◆ Data to examine
- Opening Delimiter -

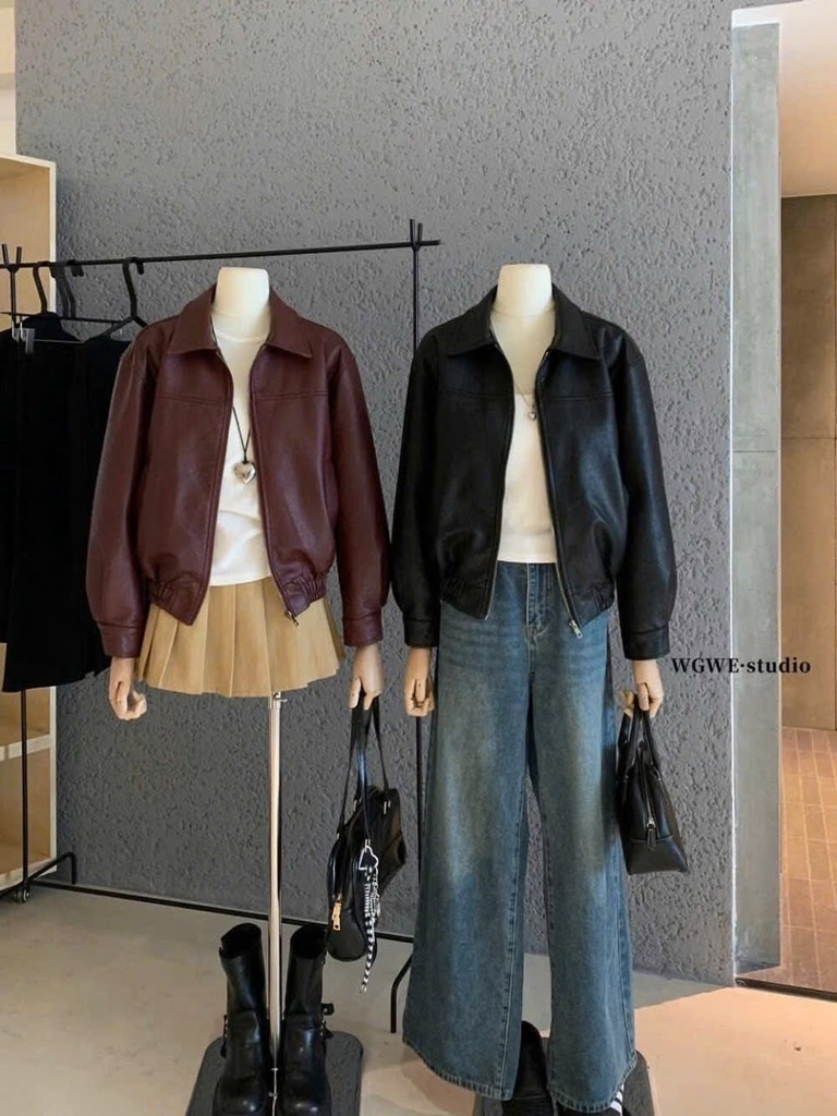 ❤️❤️❤️Áo khoác da PU WGWE cổ bẻ bo gấu -
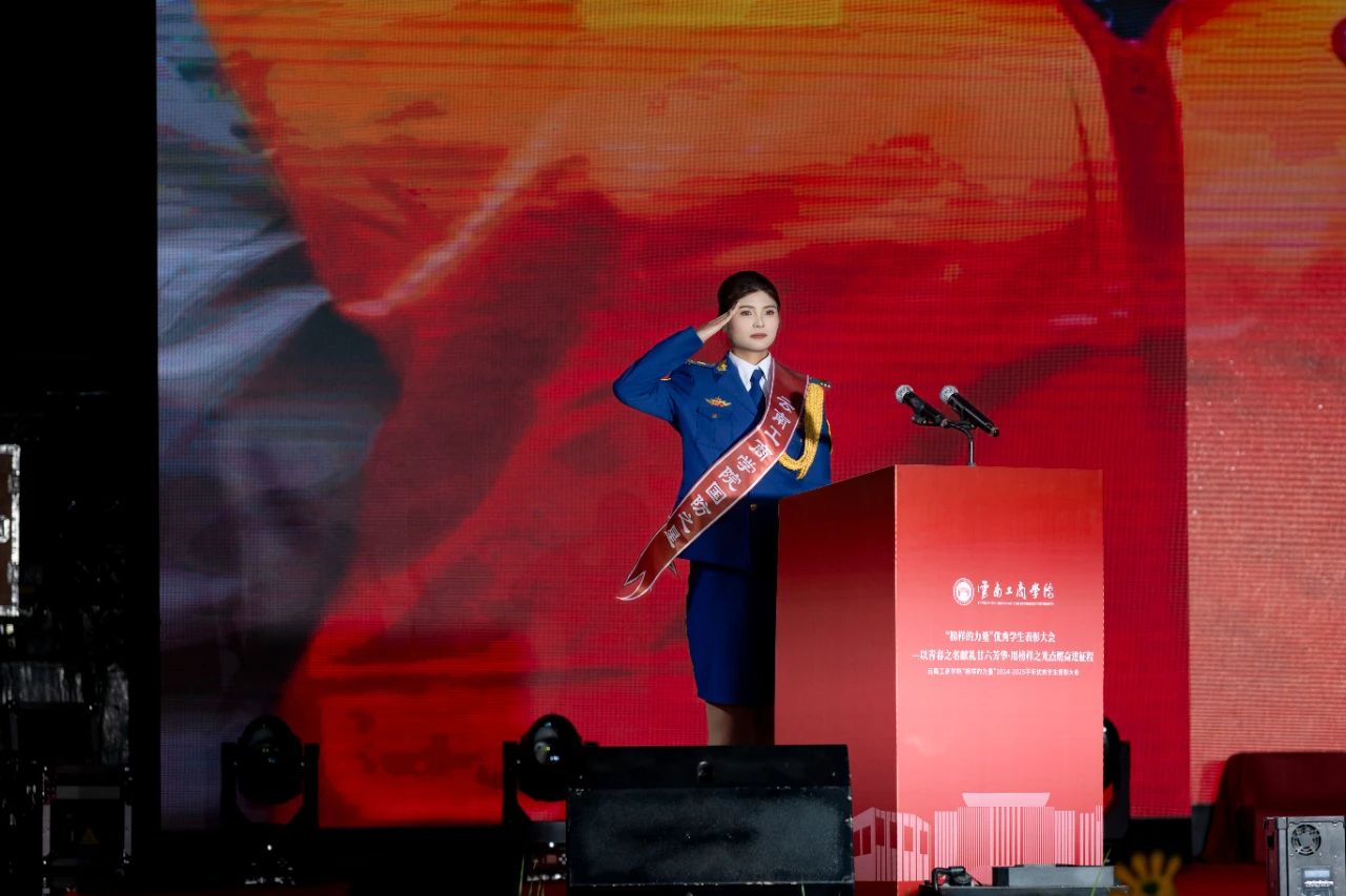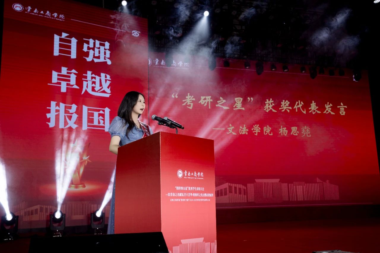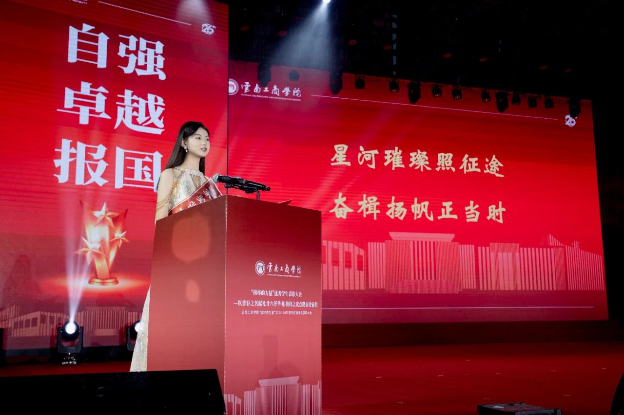 国家奖学金获得者普欣悦同学作为获奖代表,分享了自己在学业上勤奋努力、实践中的锻炼成长以及创新思考探索的体验,她表示,“自强、卓越、报国,不仅是镌刻在墙上的校训,更应成为学子知行合一的奋斗航标。希望同学们以青春为笔,以奋斗为墨,努力书写属于云工商学子的星辰大海。”她的发言,激励着同学们在自强的道路上勇往直前。
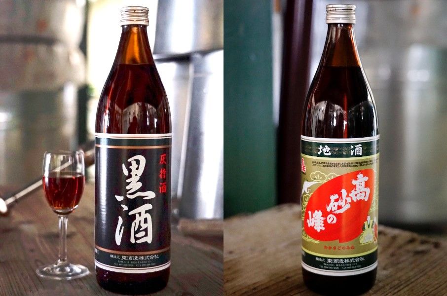 Этикетки «Куродзакэ» (слева) и «Такасаго-но минэ», марки акумотидзакэ, выпускаемые компанией «Хигаси сюдзо», отражают более чем 1200-летнюю японскую традицию производства куроки (© Укита Ясуюки)
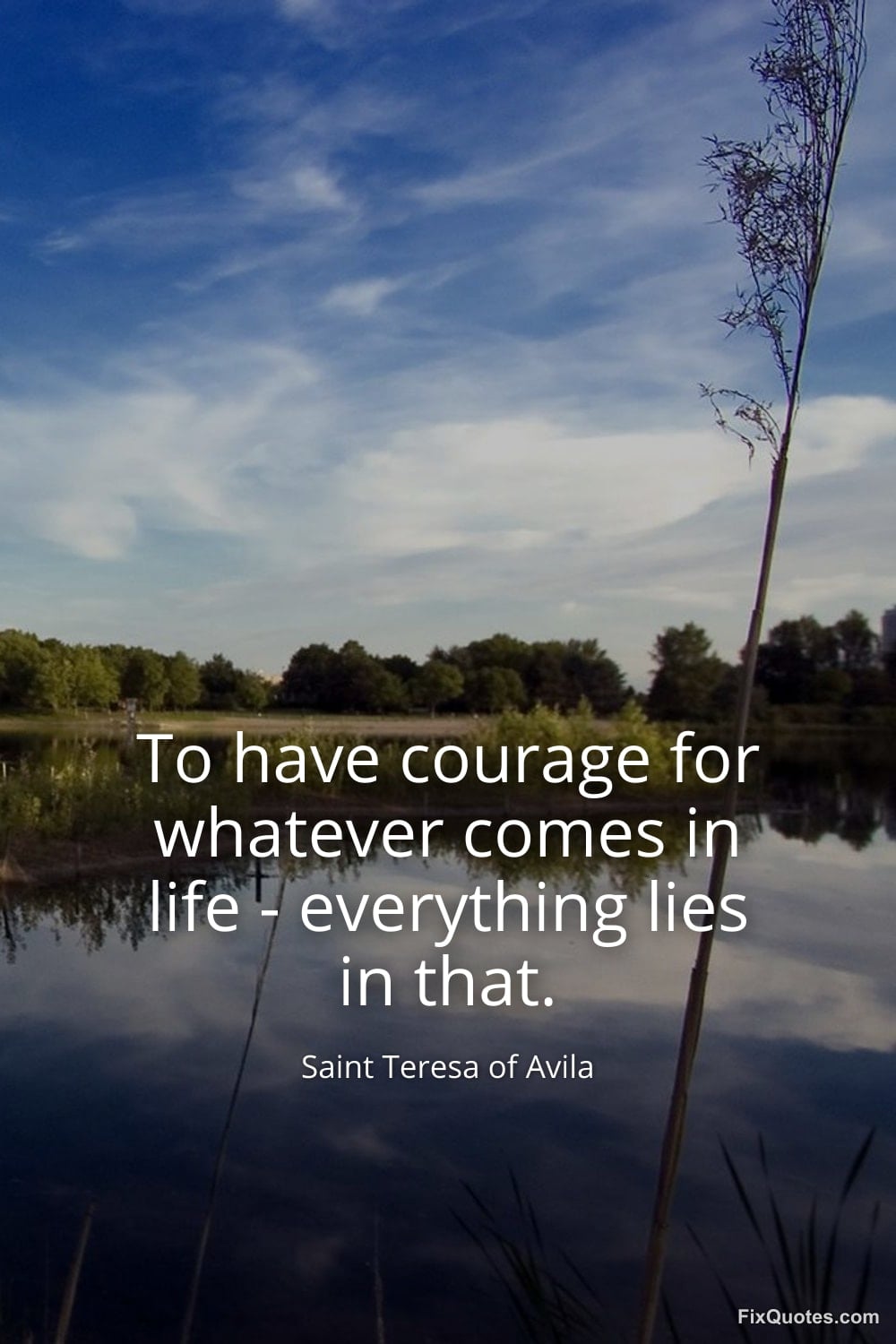 Avila, Saint Teresa of. "To have courage for whatever comes in life - everything lies in that." FixQuotes. January 18, 2026. https://fixquotes.com/quotes/to-have-courage-for-whatever-comes-in-life-1659/.
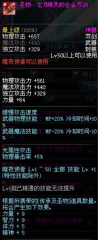 | 50 | 圣物 : 玄月精灵的合金双剑 | *Lv50~56普通地下城怪物掉落 |
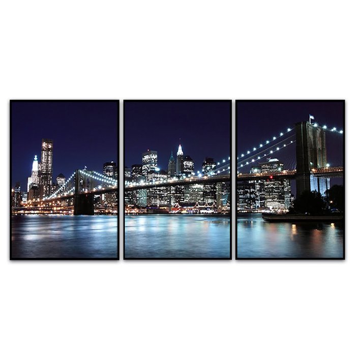 Kit com 3 Quadros Decorativos 70x50 Cm Paisagem New York com Moldura Caixa Preta de 3cm Profundide
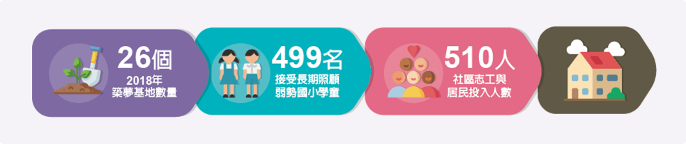 至2018年,共成立26個社區築夢基地,499位孩童獲得照顧、510位社區志工投入計畫,不只將資源挹注至偏遠社區,也動員社區志工攜手努力推行,由公部門與民間企業協力,建構更縝密的兒少社會安全網絡。
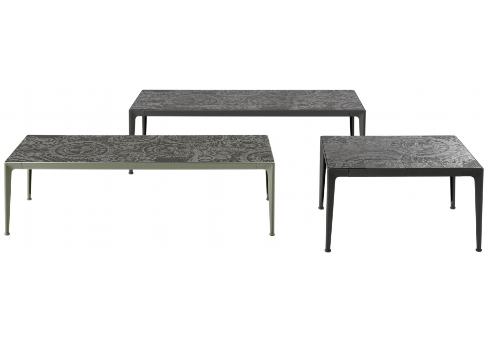 Mirto conçue par Antonio Citterio pour B & B Italia Outdoor est une table basse en aluminium moulé sous pression peint. Plateau en pierre de lave émaillée avec une décoration dans les couleurs suivantes: anthracite, argile et sauge. Disponible en plusieurs dimensions.
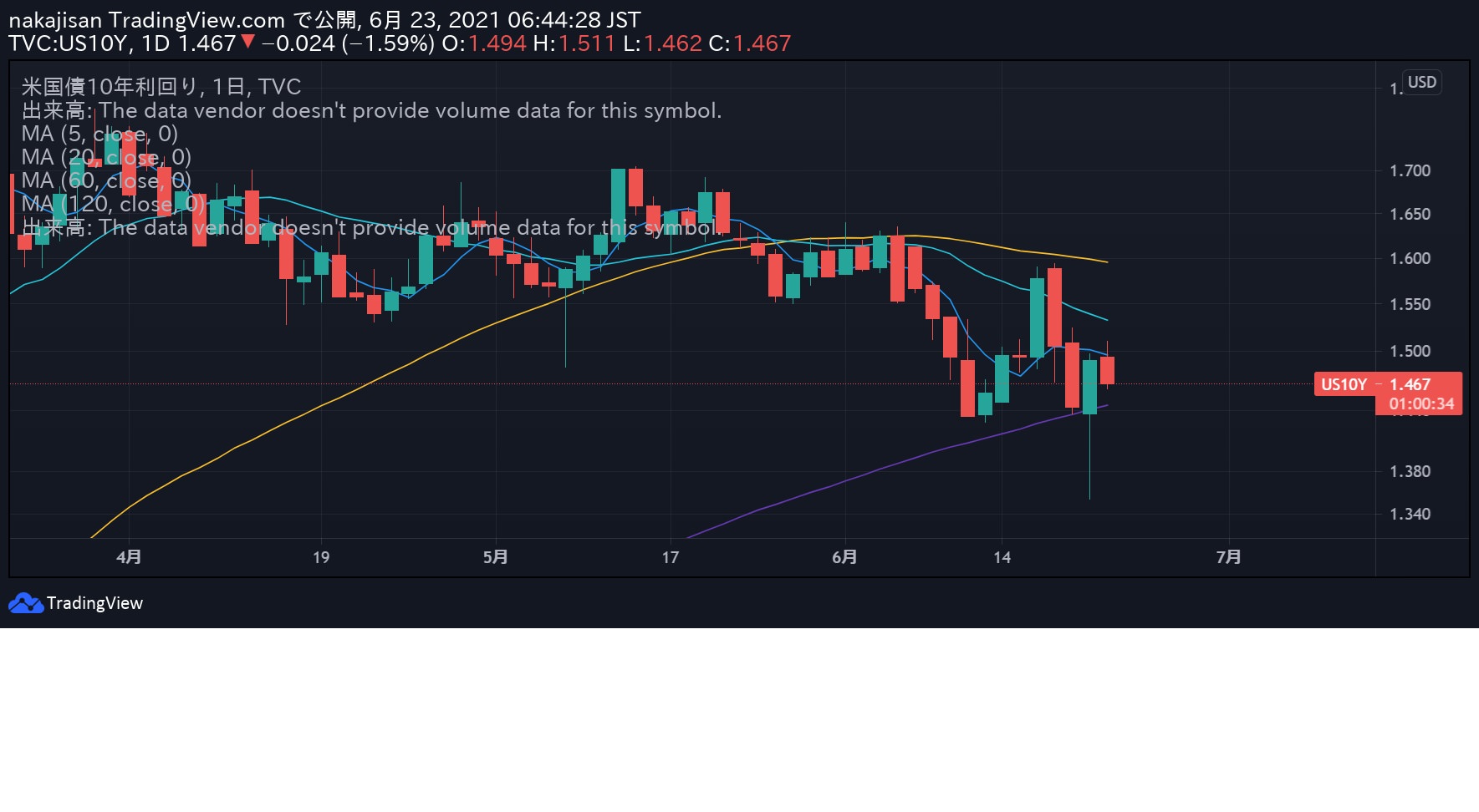 ~資産運用のヒント~ 米国国債10年金利の分析 2021/6/23朝

- Closing Delimiter -

◆ Prompt
Keeping both end lines, retype exactly the lines from the first line of the material through the line that contains "国家奖学金获得者普欣悦同学作", but not the pictures.

◆ Solution to this task
 ❤️❤️❤️Áo khoác da PU WGWE cổ bẻ bo gấu -
 国家奖学金获得者普欣悦同学作为获奖代表,分享了自己在学业上勤奋努力、实践中的锻炼成长以及创新思考探索的体验,她表示,“自强、卓越、报国,不仅是镌刻在墙上的校训,更应成为学子知行合一的奋斗航标。希望同学们以青春为笔,以奋斗为墨,努力书写属于云工商学子的星辰大海。”她的发言,激励着同学们在自强的道路上勇往直前。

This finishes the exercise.